[Stored items from a collection]
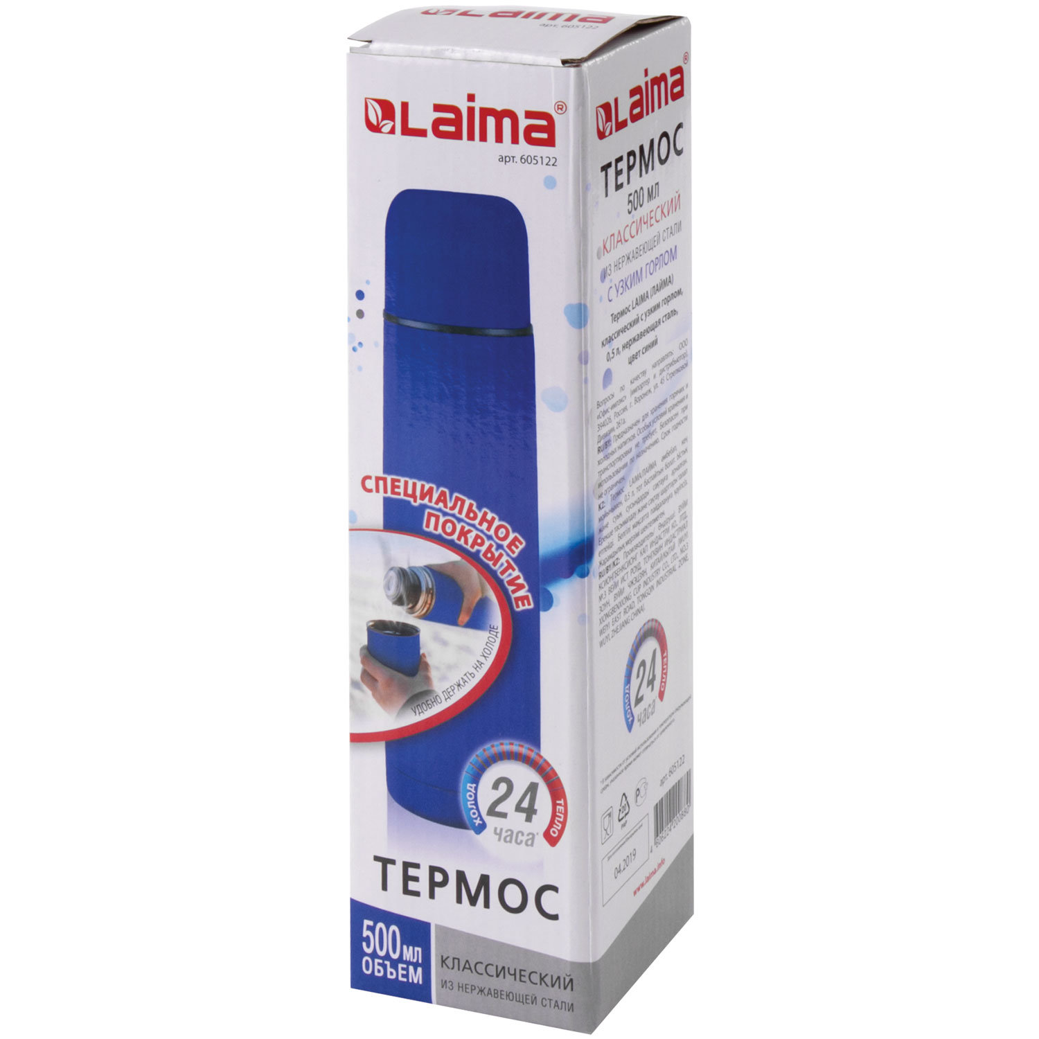 Термос LAIMA классический с узким горлом, 0,5 л, нержавеющая сталь, синий Код товара: 605122 553,18 ₽ Купить Производитель:LAIMA Термос классического дизайна с узким горлом изготовлен из высококачественной нержавеющей стали. Оснащен специальной кнопкой, позволяющей наливать напитки, не отвинчивая пробку. Предназначен для хранения горячих и холодных напитков. Имеет специальное покрытие. Держит температуру до 24 часов. Удержание температуры зависит от условий использования: частота открывания, время нахождения в открытом состоянии, температура окружающей среды, начальная температура наливаемой жидкости.Производство: КитайОбъем: 0.5 лТип горла: узкоеСерия: CLASSICВысота: 25 смДиаметр: 6.5 смЦвет: синийМатериал: нержавеющая стальТип упаковки: картонная коробкаВес: 390 грРазмер упаковки: 7.2 × 25.3 × 7.2 смОбъём: 0.0016 м3Промежуточная упаковка: 24 штТранспортная упаковка: 24 штШтрих-код: 4606224200880 Сертификат-1.jpg Сертификат-2.jpg Сертификат-3.jpg
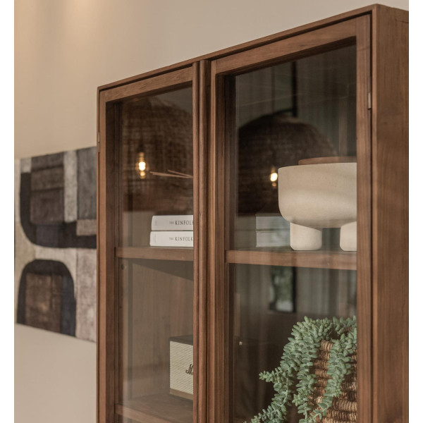 A Motion üvegszekrény elegáns és kifinomult bútordarab. Üveghomlokzata szakszerűen megtervezett belső teret tár fel, teak ajtókkal, amelyeket hízelgő teak fogantyúk kereteznek. Minden harmonikusan keveredik a kézzel szőtt kókuszlevelekkel borított fiókokkal, amelyek a bútorok alsó harmadát foglalják el. A szerkezet és az állítható polcok szintén visszanyert teakből készülnek, fekete színű szekrénybelsővel. Minden kézzel épül, figyelemre méltó kivitelezéssel. A bútorok mérete 90x45x200 cm.
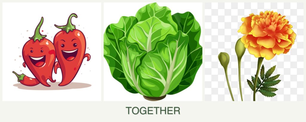 - Pest Repellent Properties: Marigolds help deter nematodes and aphids, protecting peppers and lettuce.
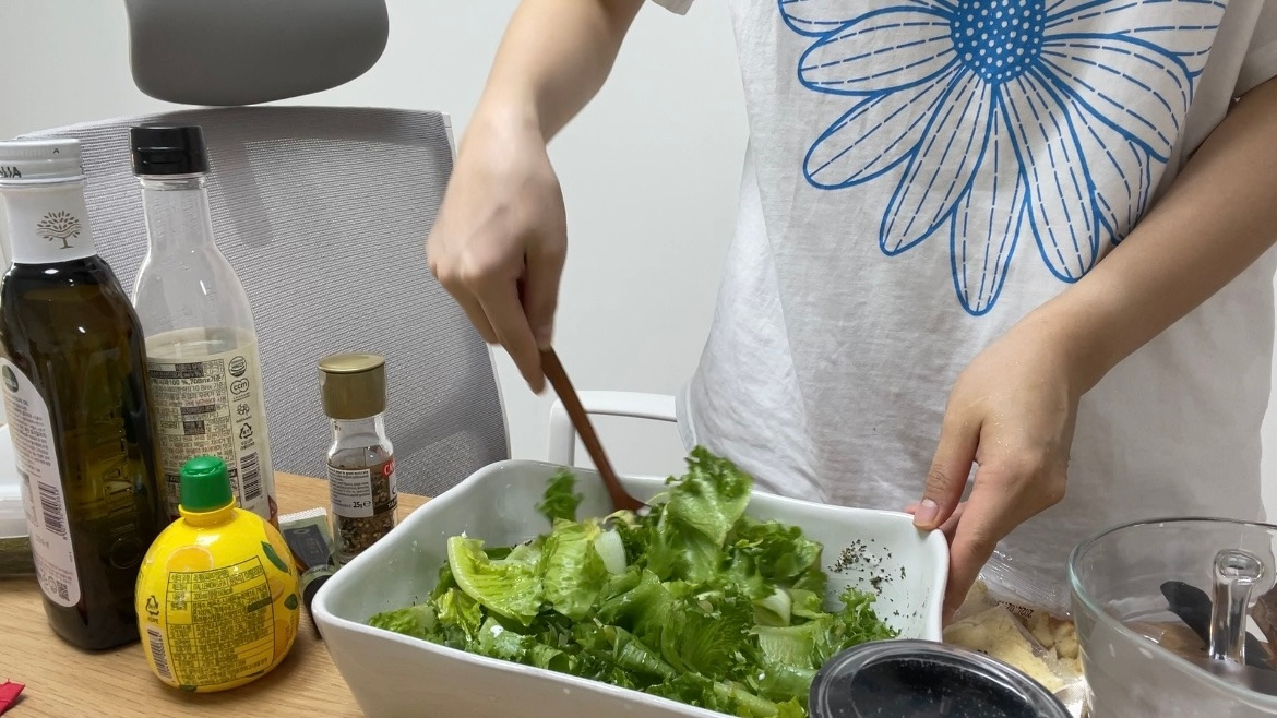 풀은 역시나 B마트에서 시저 샐러드용으로 포장된 것을 구매했습니다. 로메인, 바질 대신 쓴 건데요. 아무래도 부드러운 잎채소들이 어울리는 샐러드예요. 식초에 담갔다가 채반에 받쳐 물을 빼서 드레싱과 함께 섞어주었어요.
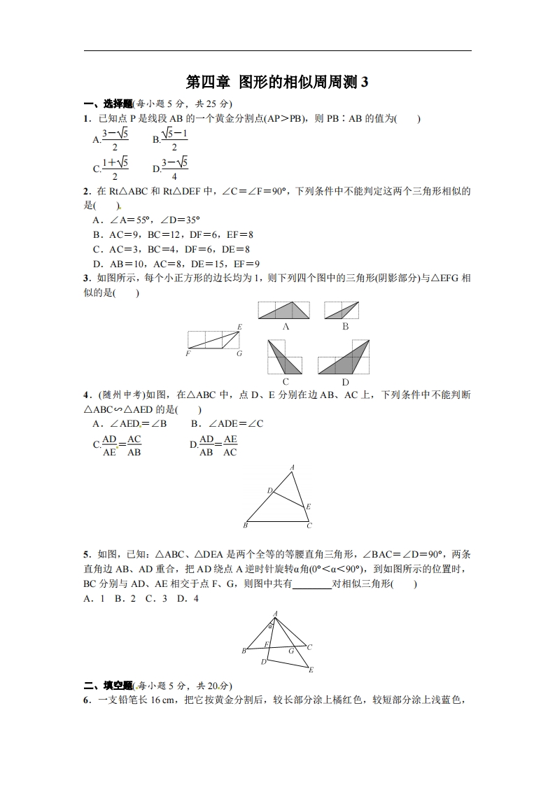 九年级(上)数学 第四章 图形的相似周周测3(4.4~4
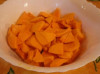Pelez le potiron et coupez-le par la moitié. Puis enlevez avec une cuillère les fibres et les pépins et coupez la chair en gros dés.
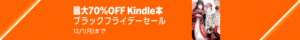 出典:kindle unlimited | 【最大70%OFF】 Kindle本 ブラック フライデーセール | kindle本(電子書籍)が 最大70%OFF | 本キャンペーンページに 表示されている対象本を購入 | 2025年11月14日 ~2025年12月1日 |
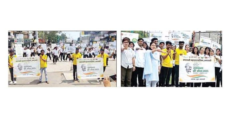 अमरावती/ दि. 25 – शहर में स्वच्छता के प्रति जागरूकता बढाने के लिए अमरावती मनपा और यंग मार्वल सर्विसेज एलएलपी के सहयोग से 22 सितंबर को राजकमल चौक पर एक प्रभावी फ्लैश मॉब का आयोजन किया गया. कार्यक्रम का मुख्य उददेश्य शहर के नागरिकों को स्वच्छता के महत्व से अवगत कराना और स्वच्छता अभियान में अधिकाधिक जन भागीदारी प्राप्त करना था. कार्यक्रम में युवा स्वयंसेवकों ओर कर्मचारियों नेे कचरा पृथाक्करण, स्वच्छता संबंधी आदतों और सार्वजनिक स्थानों पर स्वच्छता बनाए रखने के महत्व को प्रभावी ढंग से प्रस्तुत किया. कार्यक्रम में अमरावती मनपा की अतिरिक्त आयुक्त शिल्पा नाइक उपस्थित थी. मनपा के अन्य अधिकारियों और कर्मचारियों ने भी इस कार्यक्रम में भाग लिया.उपस्थित नागरिकों ने युवा स्वयंसेवकों की प्रेरक प्रस्तुति का उत्साहपूर्वक समर्थन किया.
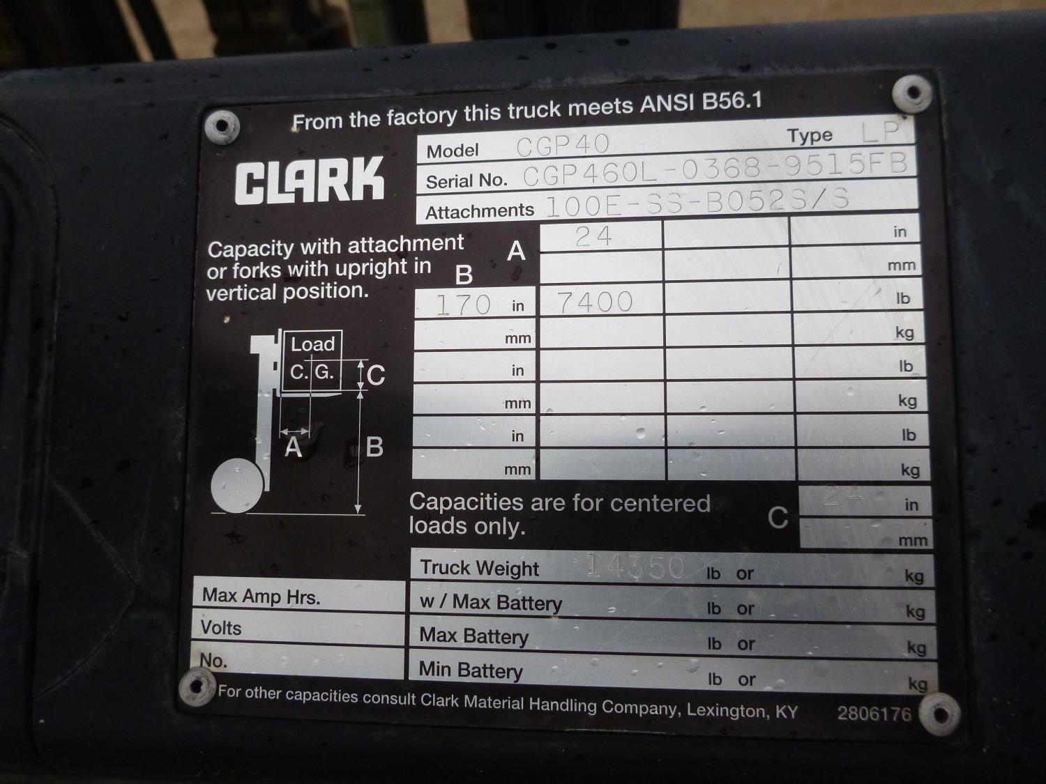 287 1999 Clark CGP40 8000 LB 2WD Forklift

About this exercise
Print the entries above exactly, leaving pictures out.

The answer
 Термос LAIMA классический с узким горлом, 0,5 л, нержавеющая сталь, синий Код товара: 605122 553,18 ₽ Купить Производитель:LAIMA Термос классического дизайна с узким горлом изготовлен из высококачественной нержавеющей стали. Оснащен специальной кнопкой, позволяющей наливать напитки, не отвинчивая пробку. Предназначен для хранения горячих и холодных напитков. Имеет специальное покрытие. Держит температуру до 24 часов. Удержание температуры зависит от условий использования: частота открывания, время нахождения в открытом состоянии, температура окружающей среды, начальная температура наливаемой жидкости.Производство: КитайОбъем: 0.5 лТип горла: узкоеСерия: CLASSICВысота: 25 смДиаметр: 6.5 смЦвет: синийМатериал: нержавеющая стальТип упаковки: картонная коробкаВес: 390 грРазмер упаковки: 7.2 × 25.3 × 7.2 смОбъём: 0.0016 м3Промежуточная упаковка: 24 штТранспортная упаковка: 24 штШтрих-код: 4606224200880 Сертификат-1.jpg Сертификат-2.jpg Сертификат-3.jpg
 A Motion üvegszekrény elegáns és kifinomult bútordarab. Üveghomlokzata szakszerűen megtervezett belső teret tár fel, teak ajtókkal, amelyeket hízelgő teak fogantyúk kereteznek. Minden harmonikusan keveredik a kézzel szőtt kókuszlevelekkel borított fiókokkal, amelyek a bútorok alsó harmadát foglalják el. A szerkezet és az állítható polcok szintén visszanyert teakből készülnek, fekete színű szekrénybelsővel. Minden kézzel épül, figyelemre méltó kivitelezéssel. A bútorok mérete 90x45x200 cm.
 - Pest Repellent Properties: Marigolds help deter nematodes and aphids, protecting peppers and lettuce.
 풀은 역시나 B마트에서 시저 샐러드용으로 포장된 것을 구매했습니다. 로메인, 바질 대신 쓴 건데요. 아무래도 부드러운 잎채소들이 어울리는 샐러드예요. 식초에 담갔다가 채반에 받쳐 물을 빼서 드레싱과 함께 섞어주었어요.
 九年级(上)数学 第四章 图形的相似周周测3(4.4~4
Pelez le potiron et coupez-le par la moitié. Puis enlevez avec une cuillère les fibres et les pépins et coupez la chair en gros dés.
 出典:kindle unlimited | 【最大70%OFF】 Kindle本 ブラック フライデーセール | kindle本(電子書籍)が 最大70%OFF | 本キャンペーンページに 表示されている対象本を購入 | 2025年11月14日 ~2025年12月1日 |
 अमरावती/ दि. 25 – शहर में स्वच्छता के प्रति जागरूकता बढाने के लिए अमरावती मनपा और यंग मार्वल सर्विसेज एलएलपी के सहयोग से 22 सितंबर को राजकमल चौक पर एक प्रभावी फ्लैश मॉब का आयोजन किया गया. कार्यक्रम का मुख्य उददेश्य शहर के नागरिकों को स्वच्छता के महत्व से अवगत कराना और स्वच्छता अभियान में अधिकाधिक जन भागीदारी प्राप्त करना था. कार्यक्रम में युवा स्वयंसेवकों ओर कर्मचारियों नेे कचरा पृथाक्करण, स्वच्छता संबंधी आदतों और सार्वजनिक स्थानों पर स्वच्छता बनाए रखने के महत्व को प्रभावी ढंग से प्रस्तुत किया. कार्यक्रम में अमरावती मनपा की अतिरिक्त आयुक्त शिल्पा नाइक उपस्थित थी. मनपा के अन्य अधिकारियों और कर्मचारियों ने भी इस कार्यक्रम में भाग लिया.उपस्थित नागरिकों ने युवा स्वयंसेवकों की प्रेरक प्रस्तुति का उत्साहपूर्वक समर्थन किया.
 287 1999 Clark CGP40 8000 LB 2WD Forklift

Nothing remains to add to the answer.